Portraits
Une personne interviewee s'exprime sur la Corse et Israel ...
Corse-Israel interview Philippe Gazaniol

Corse-Israel : Bonjour, Philippe. Tu es un fervent défenseur de la Corse et d'Israël, pourtant tu n'es ni juif ni corse. Explique nous ça.

Philippe Gazaniol : Je suis un Français du Continent, marié à une Corse originaire de Corté et nous vivons en Corse à Porto Vecchio depuis 1991 avec nos trois enfants.

C-I : Comment vous êtes vous rencontrées et quel a été votre parcours?

P. G : On s'est rencontré à Nice, on a fait nos études ensemble, ensuite je suis parti une année aux USA pendant que Dominique, elle, était retournée vivre en Corse. A mon retour d'Amérique j'ai été pour la première fois voir Dominique en Corse; ça a été un choc dans le sens positif du terme. Il faut dire que je n'avais vraiment aucun a priori, aucune crainte et là, j'ai découvert un peuple magnifique, vraiment! Des gens très francs, très droits, je n'ai vu que des qualités par contraste probablement avec ce que j'ai connu sur le continent.

C-I : Vous n'avez pas vécu en Corse ?

P. G : Non. Quand nous nous sommes mariés, nous sommes partis à Nice (à cause de mes études et de mon travail par la suite) puis à Paris jusqu'en 1991. Et puis pendant qu'on était en région parisienne, petit à petit, au contact d'amis juifs, arméniens, antillais, il y a eu chez Dominique comme une prise de conscience de l'importance que revêtait pour elle le fait d'être Corse. Et ça a abouti en 1991 à ce que j'appellerai notre "Alya" en Corse, le retour pour Dominique sur la terre de ses ancêtres et auprès des siens.

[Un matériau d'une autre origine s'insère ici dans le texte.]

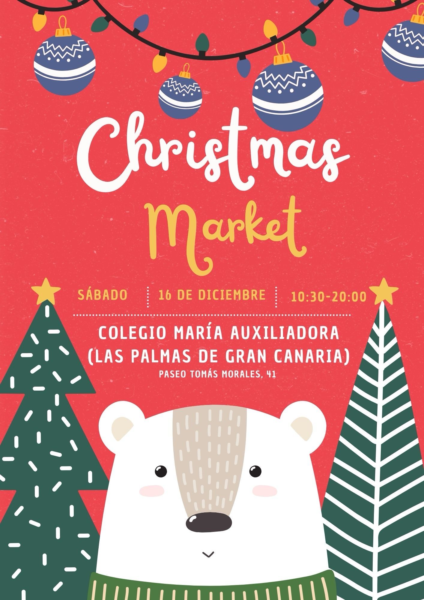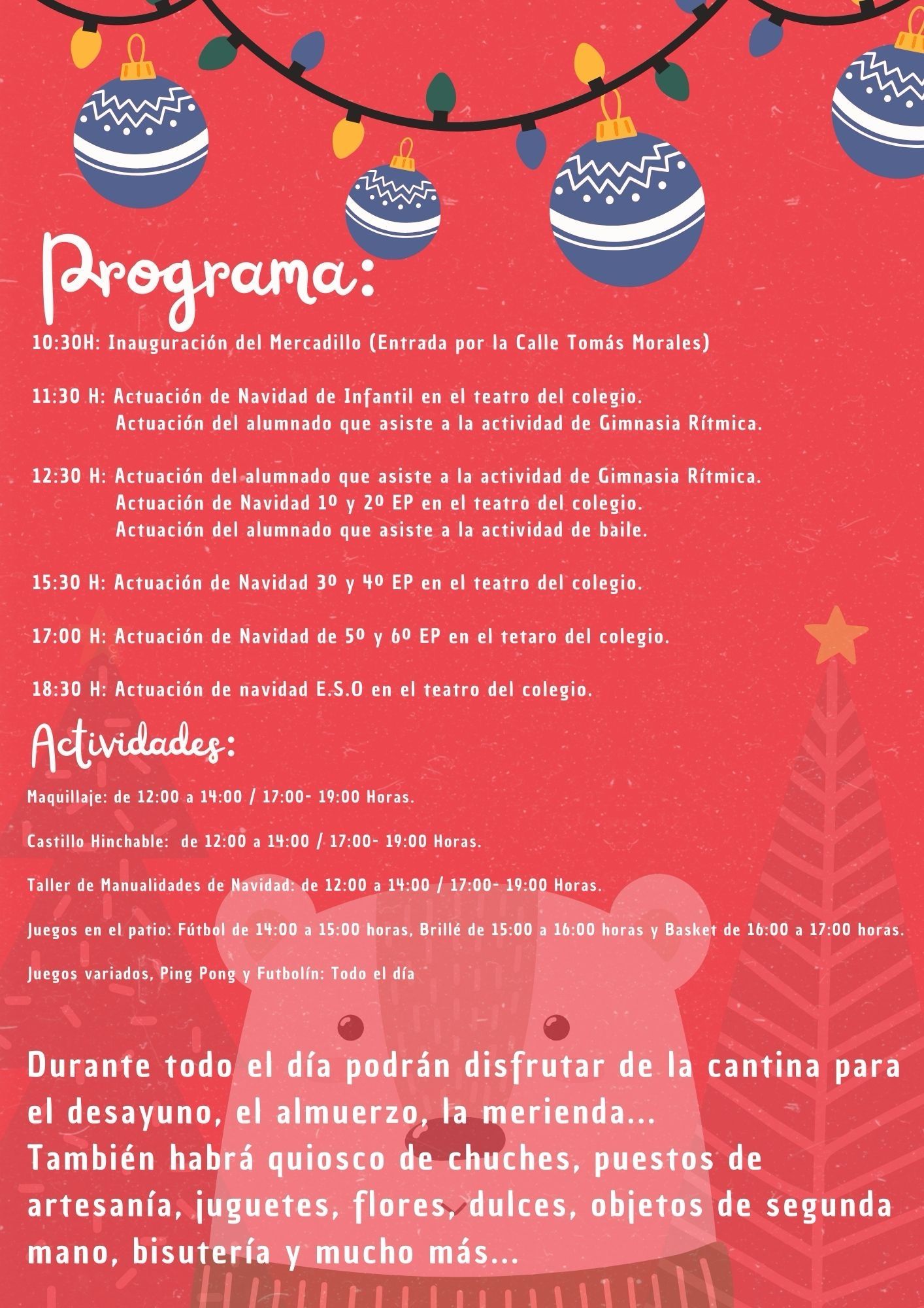 Un año más, El Colegio María Auxiliadora les invita a todos a pasar un día en familia, divertido y lleno de Espíritu Navideño en nuestro Mercadillo de Navidad el próximo sábado 16 de Diciembre. A continuación les mostramos el programa de nuestro Mercadillo, ya que habrá muchas sorpresas que no pueden perderse, incluidos nuestros tradicionales Villancicos.

C-I : Tu penses que c'est au contact de ces amis juifs que ce désir de retour en Corse est venu ?

P. G : C'est sûr ! On avait à l'époque des amis juifs qui vivaient à Paris et qui ont fait leur Alya et ça nous a beaucoup parlé, mais il y a eu aussi l'influence déterminante d'un très bon ami arménien : Jean-Marc Ohanian. Pour lui, le fait que Dominique soit Corse était extrêmement important comme d'être Arménien était très important pour lui .En voyant que les Juifs qu'il côtoyait assumaient pleinement leur identité ça l'a conforté dans la sienne. Son contact et la profondeur de ses réflexions nous ont beaucoup aidé à faire le pas vers le Retour.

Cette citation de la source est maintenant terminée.